### Task objective
Go through the lines below and repeat each one exactly, skipping pictures.

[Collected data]
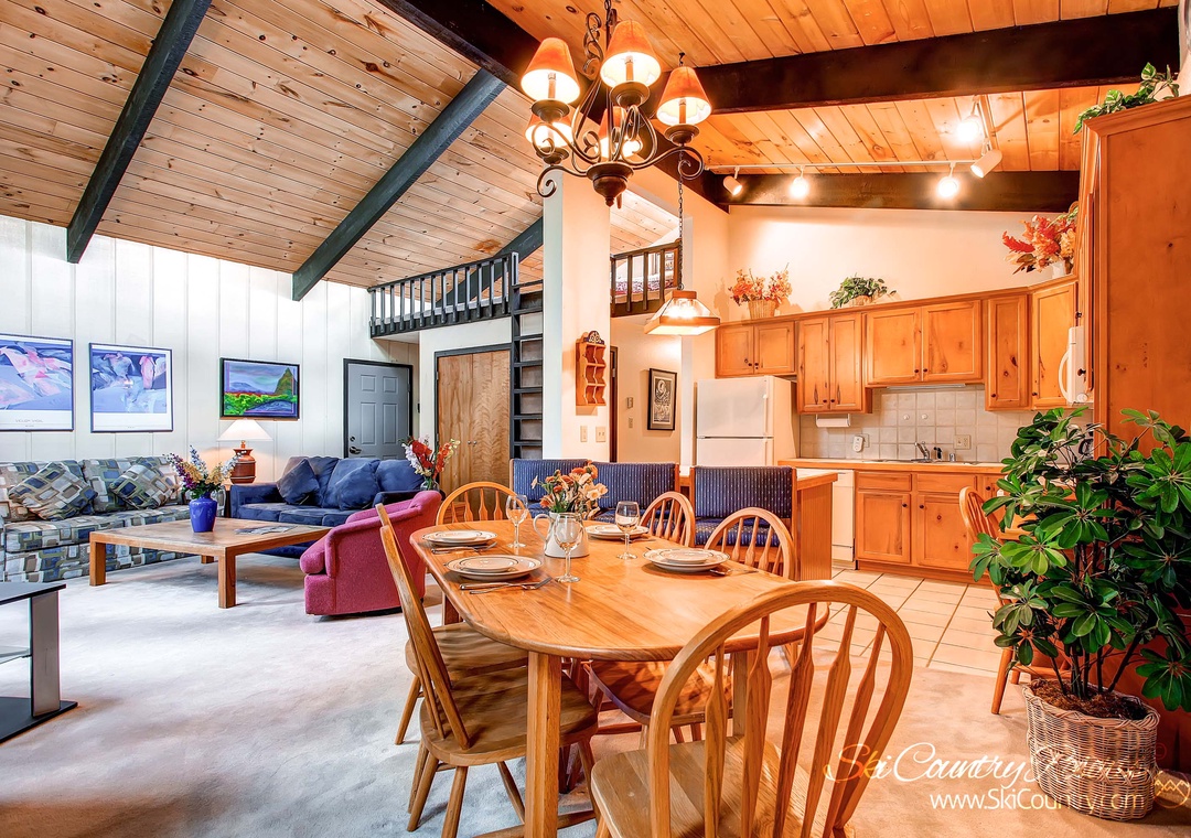 Upon entering this spacious top-floor unit, you'll be greeted by an open layout that exemplifies modern mountain living at its finest. The two bedrooms, and additional ladder loft, ensure ample space for your group to spread out and unwind. And with three well-appointed full bathrooms, convenience is never compromised.
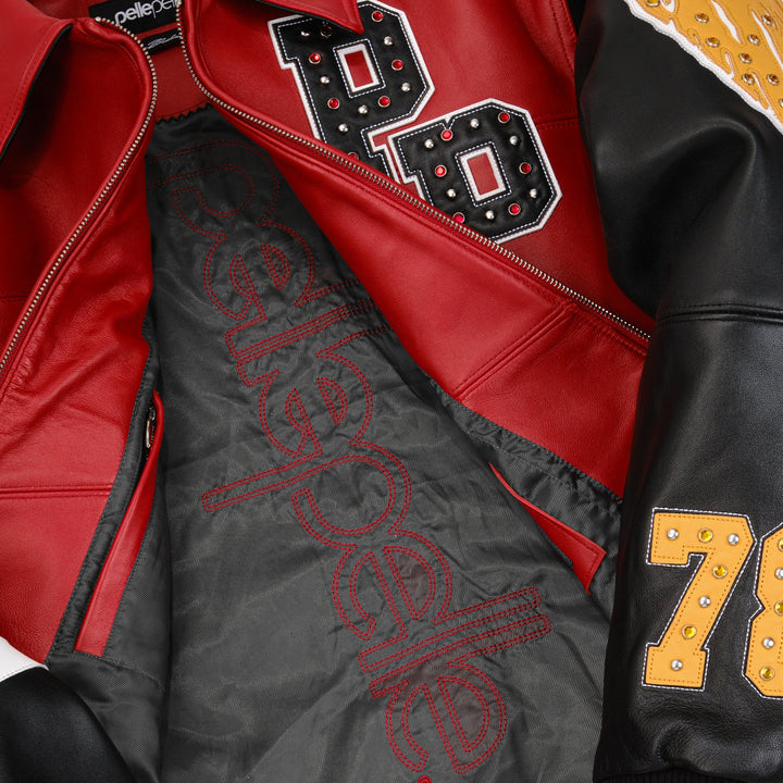 -The back "Pelle Pelle renegade" artwork at the back of the jacket is multiple leather layers with rhinestones and studs throughout.
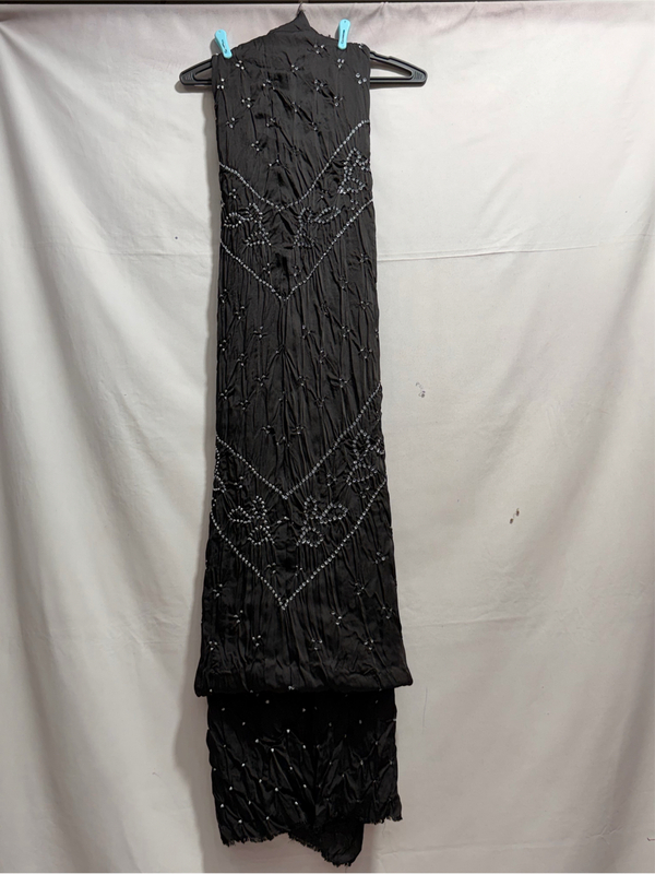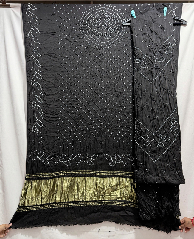 Kala Sanskruti All Over Black Color Art Silk Bandhani Dress 2.5 M Each Piece Elegant Traditional Wear Art Silk Dress for Women
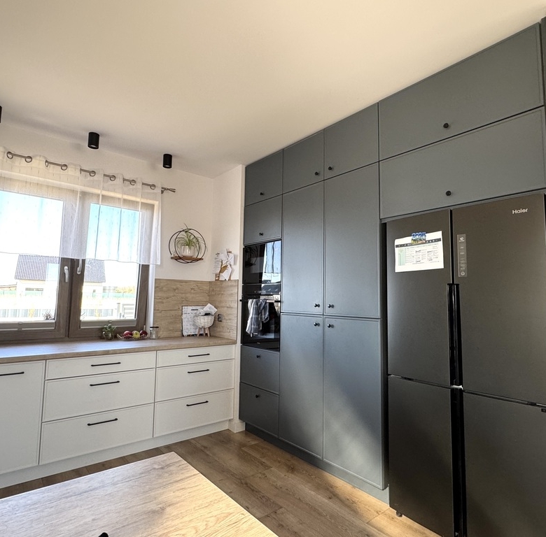 - nowoczesny aneks kuchenny z wysokiej klasy zabudową od stolarza
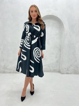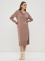 Стильное платье полуприлегающего силуэта, выполнено из трикотажного полотна. Горловина округлой формы, с центральной застежкой на петли и 4 разных пуговицы. Рукава длинные втачные. В боковых швах обработаны высокие разрезы.
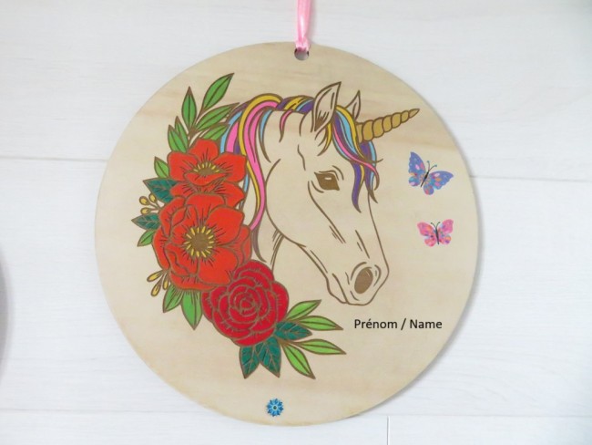 Décoration licorne fleuri, plaque murale à personnaliser par un prénom, décoration en bois chambre enfant, bébé
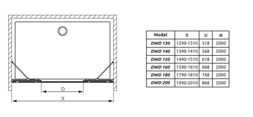 Drzwi wnękowe FURO DWD 130 szkło przejrzyste Radaway 10108363-01-01 + 10111317-01-01
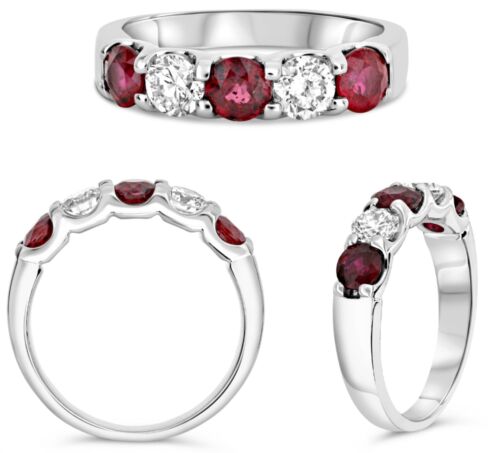14KT WHITE GOLD WEDDING ANNIVERSARY RING. 3D SHARED PRONG LUCIDA FIVE STONE DESIGN. ROUND DIAMONDS ARE F/G COLOR, VS CLARITY .50 CARATS. AAA ROUND RUBIES ARE 1.10 CARATS. RING SIZE 6.5. CAN BE SIZED BY OUR MASTER JEWELER UPON REQUEST. WRITTEN APPRAISAL AVAILABLE. COMES IN A PRESENTABLE GIFT BOX.
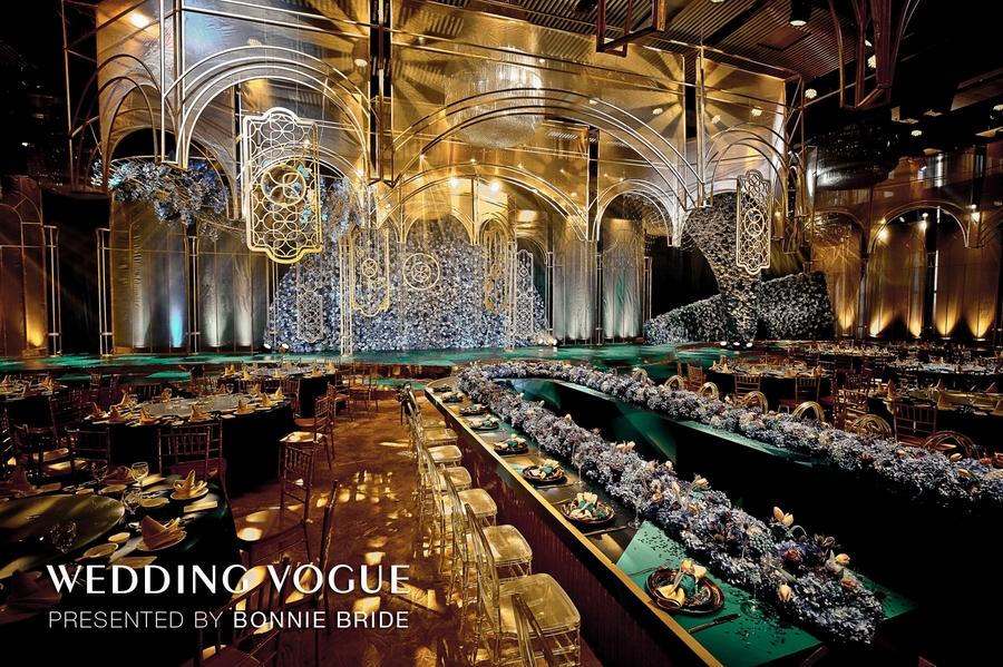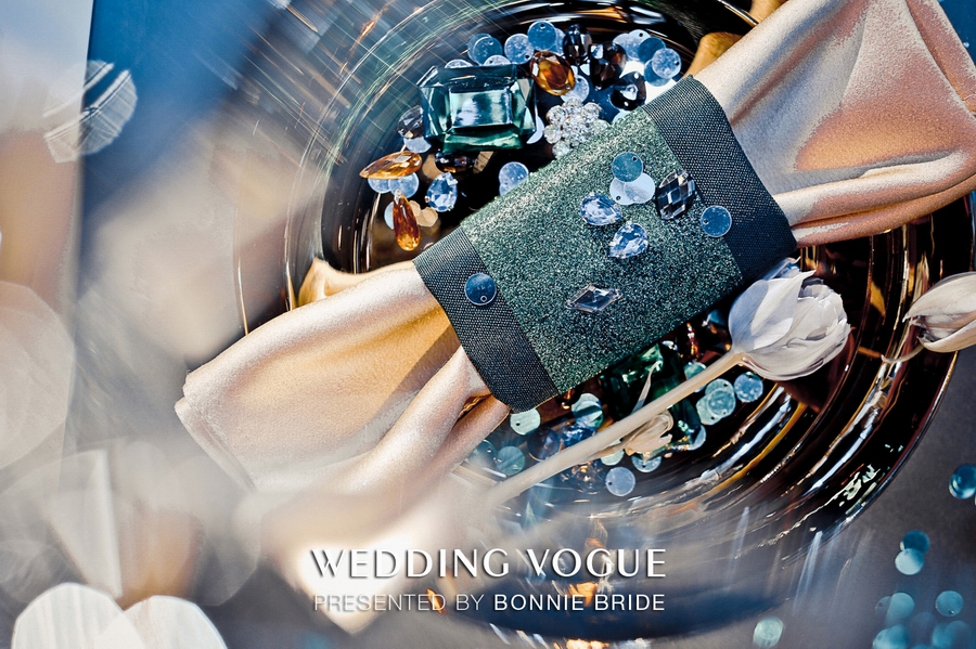 同时也因为新娘喜欢blingbling的元素,设计师便依构思将闪烁的细节布置于空中,并在都不怎么会引人注意的桌身之上放满闪耀的捷克水晶。当大面积的通透材质,在灯光的渲染下营造出了别致且渐进的透视质感,现场的每个空间都能透过多层次的镂空、璀璨的灯饰来传递出奢华闪耀的细节要求。
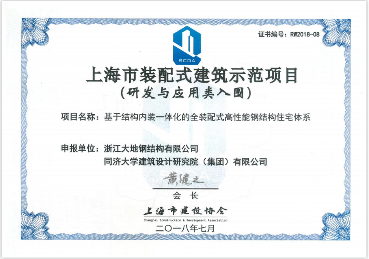 S-SYSTEM产品体系获得上海市装配式建筑示范项目(研发与应用类),专家组在示范项目评审意见中提出:S-SYSTEM产品体系是钢结构住宅领域的一个创新产品,具有先进性和推广价值。同年10月,入选北京住博会“中国明日之家”。
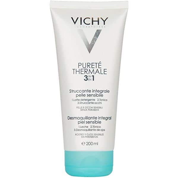 3 IN 1 STRUCCANTE INTEGRALE 300 ML PELLE SENSIBILE. LATTE DETERGENTE, TONICO, STRUCCANTE OCCHI. CON ACQUA TERMALE E CAPTELAE. VICHY PURETÈ THERMALE. PURETE THERMALE
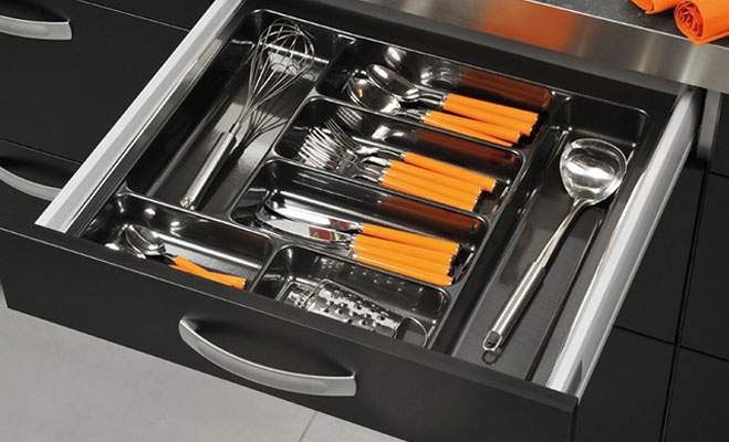 З'єднуючий профіль з можливістю вкорочення до потрібного розміру, призначений для з'єднання декількох вставок для столових приборів по ширині, для отримання індивідуальних за розміром секцій. Профіль виготовлений з пластмаси сірого кольору. Довжина з'єднуючого профіля 505 мм.
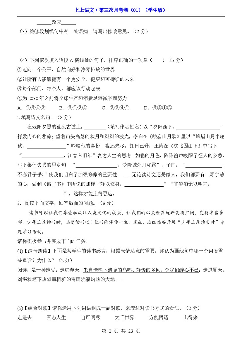 首页 > 全部 > 月考试卷 > 七上语文第三次月考试卷(新)
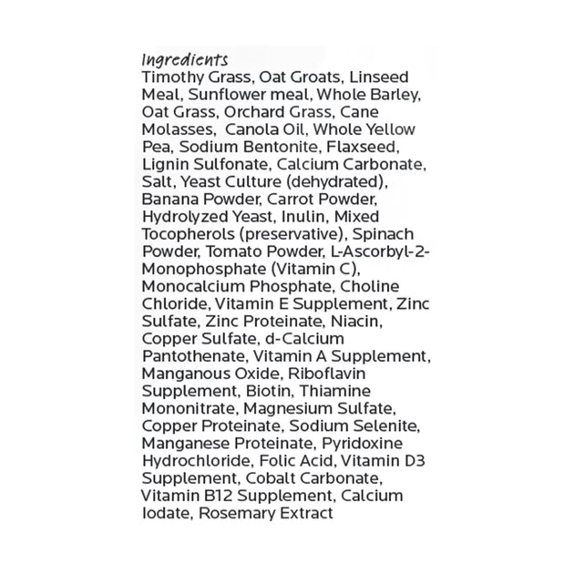 Timothy Grass, Oat Groats, Linseed Meal, Sunflower Meal, Whole Barley, Oat Grass, Orchard Grass, Cane Molasses, Canola Oil, Whole Yellow Pea, Sodium Bentonite, Flaxseed, Lignin Sulfonate, Calcium Carbonate, Salt, Yeast Culture (Dehydrated), Banana Powder, Carrot Powder, Hydrolyzed Yeast, Inulin, Mixed Tocopherols (Preservative), Spinach Powder, Tomato Powder, L-Ascorbyl-2-Monophosphate (Vitamin C), Monocalcium Phosphate, Choline Chloride, Vitamin E Supplement, Zinc Sulfate, Zinc Proteinate, Niacin, Copper Sulfate, D-Calcium Pantothenate, Vitamin A Supplement, Manganous Oxide, Riboflavin Supplement, Biotin, Thiamine Mononitrate, Magnesium Sulfate, Copper Proteinate, Sodium Selenite, Manganese Proteinate, Pyridoxine Hydrochloride, Folic Acid, Vitamin D3 Supplement, Cobalt Carbonate, Vitamin B12 Supplement, Calcium Iodate, Rosemary Extract.
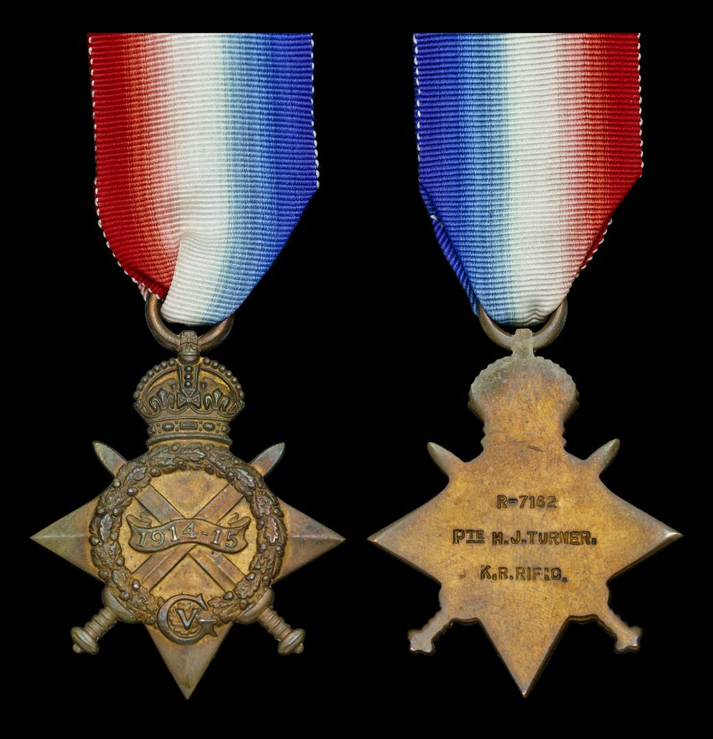 A 1914-15 Star to Private H. J. Turner, King's Royal Rifle Corps, who was killed in action on 3 October 1918
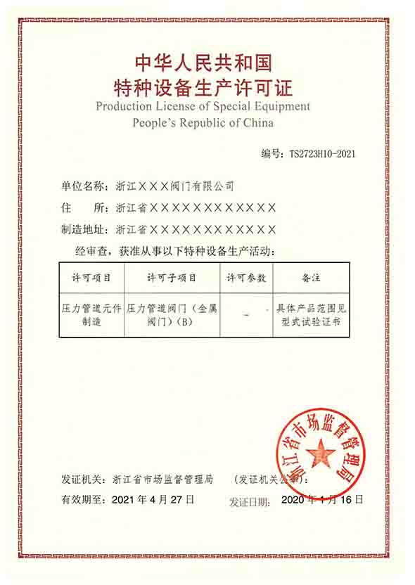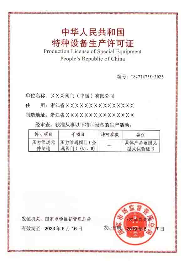 特種設備生產許可證
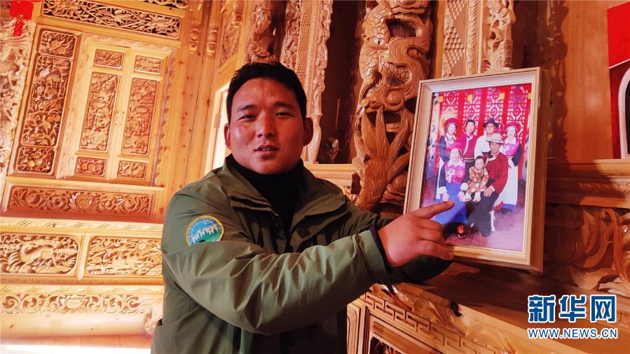 益西在向朋友展示全家福。新華社記者 嚴(yán)勇 攝
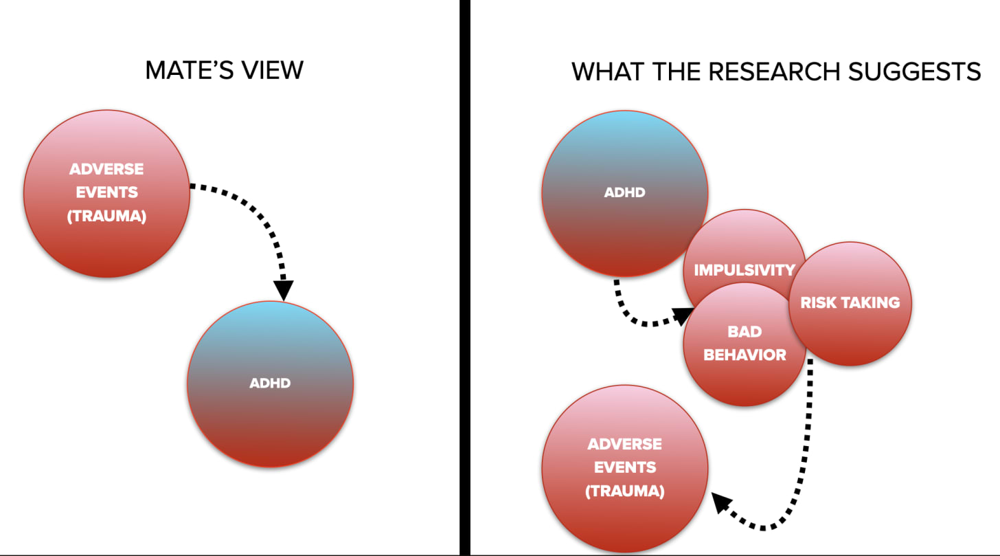 As I talked about in this article, this confusing the chicken for the egg is the same reason Gabor Mate’s view that trauma causes ADHD is mistaken. ADHD expert Dr. Russel Barkley explained this in his video Why Dr Gabor Mate is Worse than Wrong about ADHD. What happens is that children with ADHD have bad experiences because their easily-captured attention makes them impulsive and willing to take risks, their bad behavior frustrates those around them which leads to social consequences and so forth. That is, the ADHD leads to very negative experiences. Having had negative experiences (trauma) doesn’t lead to ADHD.

### Written solution
 Upon entering this spacious top-floor unit, you'll be greeted by an open layout that exemplifies modern mountain living at its finest. The two bedrooms, and additional ladder loft, ensure ample space for your group to spread out and unwind. And with three well-appointed full bathrooms, convenience is never compromised.
 -The back "Pelle Pelle renegade" artwork at the back of the jacket is multiple leather layers with rhinestones and studs throughout.
 Kala Sanskruti All Over Black Color Art Silk Bandhani Dress 2.5 M Each Piece Elegant Traditional Wear Art Silk Dress for Women
 - nowoczesny aneks kuchenny z wysokiej klasy zabudową od stolarza
 Стильное платье полуприлегающего силуэта, выполнено из трикотажного полотна. Горловина округлой формы, с центральной застежкой на петли и 4 разных пуговицы. Рукава длинные втачные. В боковых швах обработаны высокие разрезы.
 Décoration licorne fleuri, plaque murale à personnaliser par un prénom, décoration en bois chambre enfant, bébé
 Drzwi wnękowe FURO DWD 130 szkło przejrzyste Radaway 10108363-01-01 + 10111317-01-01
14KT WHITE GOLD WEDDING ANNIVERSARY RING. 3D SHARED PRONG LUCIDA FIVE STONE DESIGN. ROUND DIAMONDS ARE F/G COLOR, VS CLARITY .50 CARATS. AAA ROUND RUBIES ARE 1.10 CARATS. RING SIZE 6.5. CAN BE SIZED BY OUR MASTER JEWELER UPON REQUEST. WRITTEN APPRAISAL AVAILABLE. COMES IN A PRESENTABLE GIFT BOX.
 同时也因为新娘喜欢blingbling的元素,设计师便依构思将闪烁的细节布置于空中,并在都不怎么会引人注意的桌身之上放满闪耀的捷克水晶。当大面积的通透材质,在灯光的渲染下营造出了别致且渐进的透视质感,现场的每个空间都能透过多层次的镂空、璀璨的灯饰来传递出奢华闪耀的细节要求。
 S-SYSTEM产品体系获得上海市装配式建筑示范项目(研发与应用类),专家组在示范项目评审意见中提出:S-SYSTEM产品体系是钢结构住宅领域的一个创新产品,具有先进性和推广价值。同年10月,入选北京住博会“中国明日之家”。
 3 IN 1 STRUCCANTE INTEGRALE 300 ML PELLE SENSIBILE. LATTE DETERGENTE, TONICO, STRUCCANTE OCCHI. CON ACQUA TERMALE E CAPTELAE. VICHY PURETÈ THERMALE. PURETE THERMALE
 З'єднуючий профіль з можливістю вкорочення до потрібного розміру, призначений для з'єднання декількох вставок для столових приборів по ширині, для отримання індивідуальних за розміром секцій. Профіль виготовлений з пластмаси сірого кольору. Довжина з'єднуючого профіля 505 мм.
 首页 > 全部 > 月考试卷 > 七上语文第三次月考试卷(新)
 Timothy Grass, Oat Groats, Linseed Meal, Sunflower Meal, Whole Barley, Oat Grass, Orchard Grass, Cane Molasses, Canola Oil, Whole Yellow Pea, Sodium Bentonite, Flaxseed, Lignin Sulfonate, Calcium Carbonate, Salt, Yeast Culture (Dehydrated), Banana Powder, Carrot Powder, Hydrolyzed Yeast, Inulin, Mixed Tocopherols (Preservative), Spinach Powder, Tomato Powder, L-Ascorbyl-2-Monophosphate (Vitamin C), Monocalcium Phosphate, Choline Chloride, Vitamin E Supplement, Zinc Sulfate, Zinc Proteinate, Niacin, Copper Sulfate, D-Calcium Pantothenate, Vitamin A Supplement, Manganous Oxide, Riboflavin Supplement, Biotin, Thiamine Mononitrate, Magnesium Sulfate, Copper Proteinate, Sodium Selenite, Manganese Proteinate, Pyridoxine Hydrochloride, Folic Acid, Vitamin D3 Supplement, Cobalt Carbonate, Vitamin B12 Supplement, Calcium Iodate, Rosemary Extract.
 A 1914-15 Star to Private H. J. Turner, King's Royal Rifle Corps, who was killed in action on 3 October 1918
 特種設備生產許可證
 益西在向朋友展示全家福。新華社記者 嚴(yán)勇 攝
 As I talked about in this article, this confusing the chicken for the egg is the same reason Gabor Mate’s view that trauma causes ADHD is mistaken. ADHD expert Dr. Russel Barkley explained this in his video Why Dr Gabor Mate is Worse than Wrong about ADHD. What happens is that children with ADHD have bad experiences because their easily-captured attention makes them impulsive and willing to take risks, their bad behavior frustrates those around them which leads to social consequences and so forth. That is, the ADHD leads to very negative experiences. Having had negative experiences (trauma) doesn’t lead to ADHD.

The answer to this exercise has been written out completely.